Meningitis: An Emerging Early Indicator of MOGAD in Patients

In a recent research letter published in JAMA Neurology, a team of international researchers has highlighted the potential of meningitis as an underrecognized early manifestation of myelin oligodendrocyte glycoprotein antibody–associated disease (MOGAD). The study, which analyzed data from 810 patients diagnosed with MOGAD, revealed that 34 individuals (approximately 4%) exhibited signs of meningitis, characterized by symptoms including headache, fever, and encephalopathy.
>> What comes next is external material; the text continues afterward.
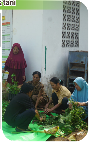
Pelatihan pembuatan pupuk organik
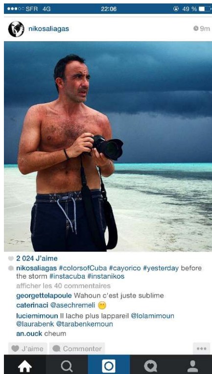
Fig. 1. Le photographe se met en scène : l'exposition de soi

According to Dr. Eoin P. Flanagan, MB, BCh, a professor of neurology and chief of the Division of Multiple Sclerosis and Autoimmune Neurology at Mayo Clinic, the recognition of meningitis as a possible attack phenotype of MOGAD is crucial. "A meningitis attack phenotype occurred in 4% of the MOGAD cohort," Dr. Flanagan stated, emphasizing that many of these cases evolved into classic demyelinating events or presented with significant encephalopathy. This suggests that meningitis may represent an early stage of a more complex neurological condition, where typical demyelinating lesions are not immediately visible on imaging studies.
The study's findings are particularly significant as they indicate that early identification and treatment of meningitis in MOGAD patients could prevent further neurological deterioration. The patients with meningitis reported symptoms that included headache (94%), fever (62%), and nuchal rigidity (24%). In contrast, 50% of the cohort subsequently developed intra-attack encephalopathy, which could complicate diagnosis and treatment pathways.
Research methodologies employed in this study involved the collection of cerebrospinal fluid (CSF) and serum samples from patients, with analysis revealing elevated CSF opening pressure in 11 out of 18 cases, alongside MRI scans showing leptomeningeal changes in several patients. The retrospective nature of the study has led to calls for updated diagnostic criteria for MOGAD to include meningitis and meningoencephalitis as recognized attack types. Dr. Flanagan and his colleagues noted, "Future updates of MOGAD diagnostic criteria could add meningitis/meningoencephalitis as an attack type, allowing earlier testing, diagnosis, and treatment before the onset of parenchymal disease."
The study, however, acknowledges some limitations, including the reliance on retrospective data and the potential for misdiagnoses, as many patients initially presented with suspected infectious meningitis. A significant proportion (68%) received antimicrobial treatment prior to diagnosis, reflecting the challenge in distinguishing MOGAD-related meningitis from infectious causes.
Experts in the field have echoed the necessity for further research. Dr. Marco Meglio, a neurologist and researcher, commented, "The implications of these findings underscore the need for vigilance in diagnosing MOGAD, especially in patients presenting with atypical symptoms of meningitis. Early intervention is key to improving patient outcomes."
In light of these findings, the study advocates for healthcare professionals to remain alert to the possibility of MOGAD in patients with atypical meningitis symptoms. As Dr. Flanagan concluded, "This emerging understanding of the disease highlights the importance of a nuanced approach to diagnosis and treatment, ensuring that patients receive appropriate and timely care."
As researchers continue to unravel the complexities of MOGAD, the integration of meningitis into diagnostic criteria could pave the way for better management strategies and improved patient outcomes in the future.